Evaluate log b {square root of 10b}, given that log b 2 = 0.3562 and

log b 5 = 0.8271 (sorry I had no clue how to type this in math format!)

I saw the question this way

logb (√(10b))
= 1/2(logb(10b))
= 1/2(logb5 + logb2 + logbb)
= 1/2(.8271 + .3562 + 1)
= 1.0917

The second answer is the correct answer! Thanks to you both I am on my way to the final

Shellie

I am not sure if I interpret your question correctly.

Given logb2 = 0.3562 and
logb5 = 0.8271,
evaluate logb{square-root of 10b};

logb{square-root of 10b}
= logb{square-root of 2b*5b}
=(1/2)logb(10b)
=(1/2)(1)
=0.5
since logb10b = b for any b.
However, if the number 10 is replaced by 10 to the base 10, we proceed slightly differently:
logb{square-root of 10}
=(1/2)logb(10)
= (1/2)logb(2*5)
= (1/2)(logb(2)+logb(5))
= (1/2)(0.3562+0.8271)
=0.5916

No problem! I can help you with that. To evaluate the expression log_b(square root of 10b), we can use the properties of logarithms.

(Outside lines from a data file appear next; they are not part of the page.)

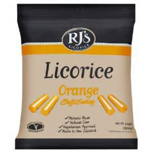 RJ's Natural Orange Licorice 7 ounce bag We offer RJ's Orange Licorice by the bag or by the case. Please use the pull down menu to make your selection.
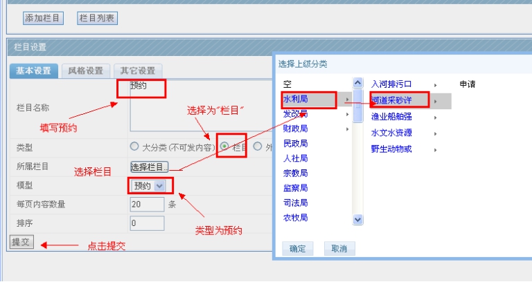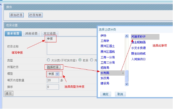 A、 給水利局—---河道采砂這個(gè)事項(xiàng),添加一個(gè)申報(bào)欄目;點(diǎn)擊添加欄目,輸入“申報(bào)”二字,類型選擇“欄目”(最小列表都選欄目),模型選擇申報(bào)模型,選擇后對(duì)應(yīng)辦事欄目,其他地方默認(rèn),然后點(diǎn)擊提交。
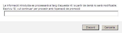 | Cliqueu al botó [D'acord] i es mostrarà la següent finestra per confirmar l'actuació: | |
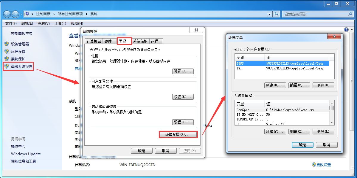 - 点击”高级系统设置”,在系统属性对话框的高级页签中选择”环境变量”
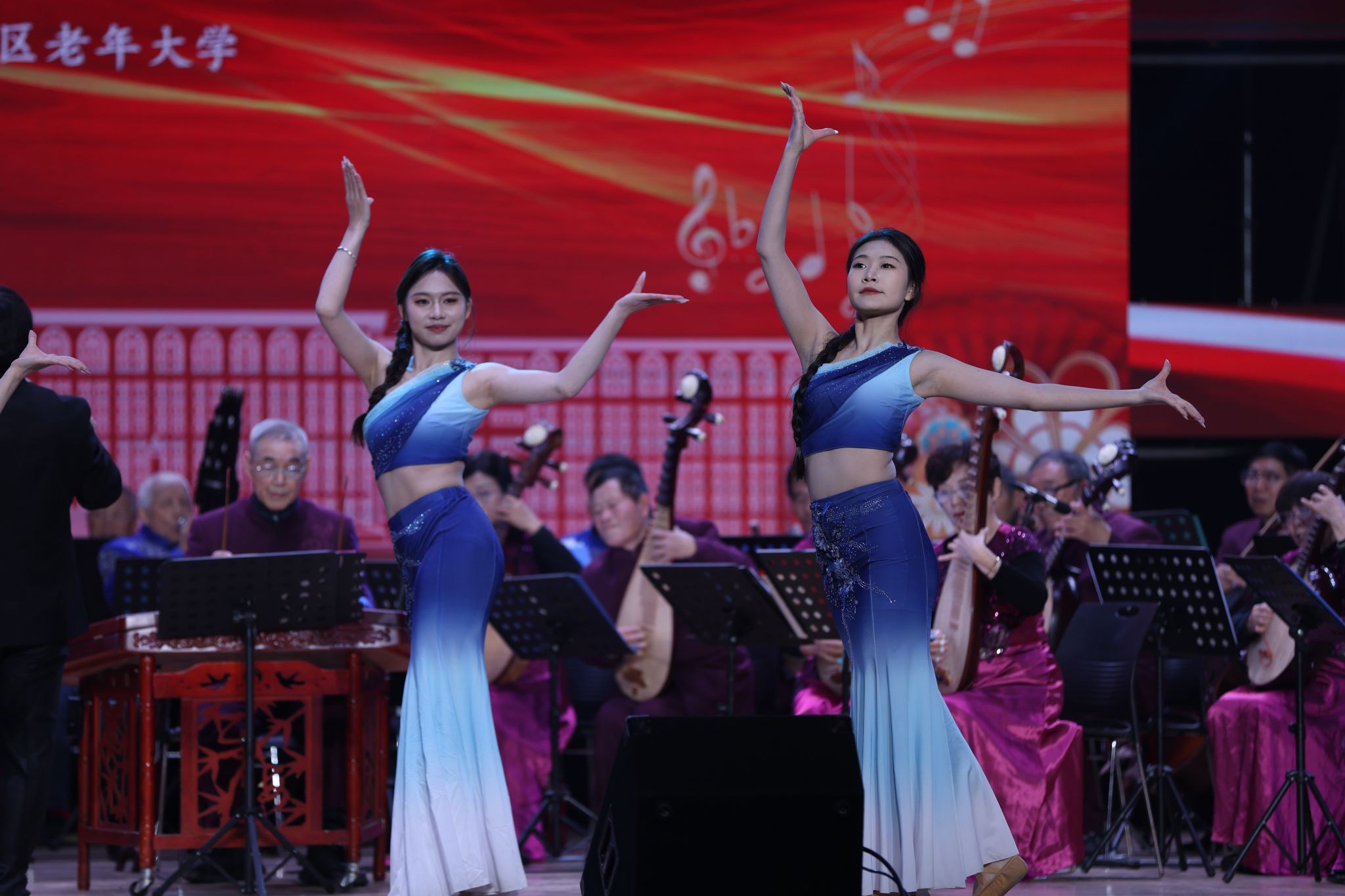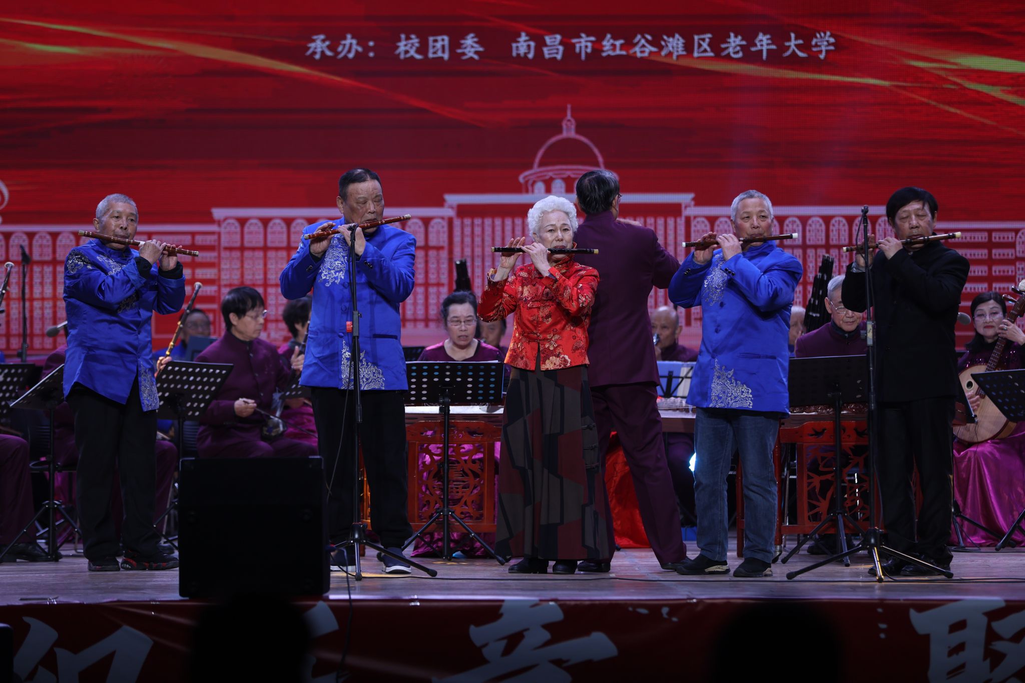 第一篇章“乐忆初心岁启新程”以悠扬民乐拉开帷幕。红谷滩区老年大学民乐团带来的民乐合奏《新春乐》节奏明快、暖意融融,瞬间点燃现场氛围;《乡行》乐声轻柔婉转,如清风拂过田野,勾勒出静谧悠远的乡间画卷;女子表演唱《梦回故郡》女声清婉灵动,一吟一唱间诉说深厚家国情怀;《边南风情》中,同学们身着傣族服饰翩翩起舞,与老艺术家的民乐演奏相得益彰,尽显浓郁民族风情;竹笛合奏《扬鞭催马运粮忙》笛声激越昂扬,将丰收的喜悦诠释得淋漓尽致;歌舞《洗衣歌》生动演绎出军民互助、藏汉同心的动人图景;民乐合奏《抗日战歌连奏》乐音铿锵有力,重温烽火岁月,激荡起深沉的民族精神。
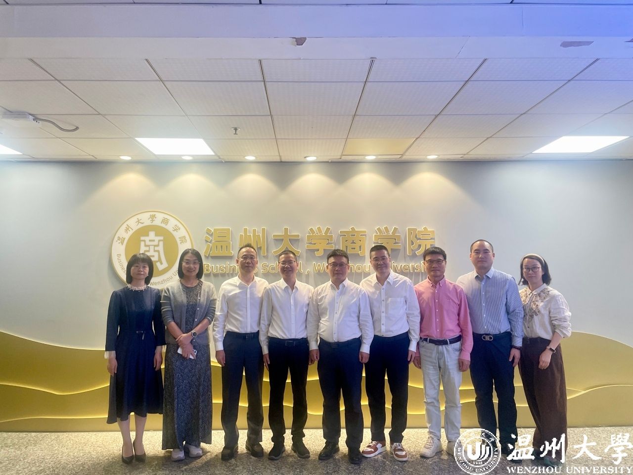2025年10月21日下午,瓯海区商务局党组书记叶忠达、副局长夏建群、瓯海区国际商会会长陈锦春、党建指导员朱永豹、原秘书长诸绍奇等一行赴日本a片 商学院,就深化“瓯商学堂”建设召开专题推进会与实地走访活动。日本a片 商学院党委书记唐华、副院长陈文芝等相关负责人陪同。

First, let's take a look at the expression inside the logarithm: the square root of 10b. We can rewrite it as (10b)^(1/2), using the property of square roots that says taking the square root is the same as raising to the power of 1/2.

Now, applying the logarithmic property log_b(a^m) = m * log_b(a), we have:

log_b(square root of 10b) = log_b((10b)^(1/2))
= (1/2) * log_b(10b)

Next, let's simplify the expression log_b(10b). We can use the logarithmic property log_b(xy) = log_b(x) + log_b(y) to break it down:

log_b(10b) = log_b(10) + log_b(b)

Using this property, we need to find log_b(10) and log_b(b). Luckily, we're given log_b(2) and log_b(5), so we can use these values.

Using the property log_b(x^n) = n * log_b(x), we can express log_b(10) as log_b(2 * 5):

log_b(10) = log_b(2 * 5)
= log_b(2) + log_b(5)
= 0.3562 + 0.8271

Now, we can substitute the values into the original expression:

log_b(square root of 10b) = (1/2) * log_b(10b)
= (1/2) * (log_b(10) + log_b(b))
= (1/2) * (0.3562 + 0.8271)

Evaluating this expression, we get:

log_b(square root of 10b) = (1/2) * (0.3562 + 0.8271)
= 0.59165

Therefore, the value of log_b(square root of 10b) is approximately 0.59165.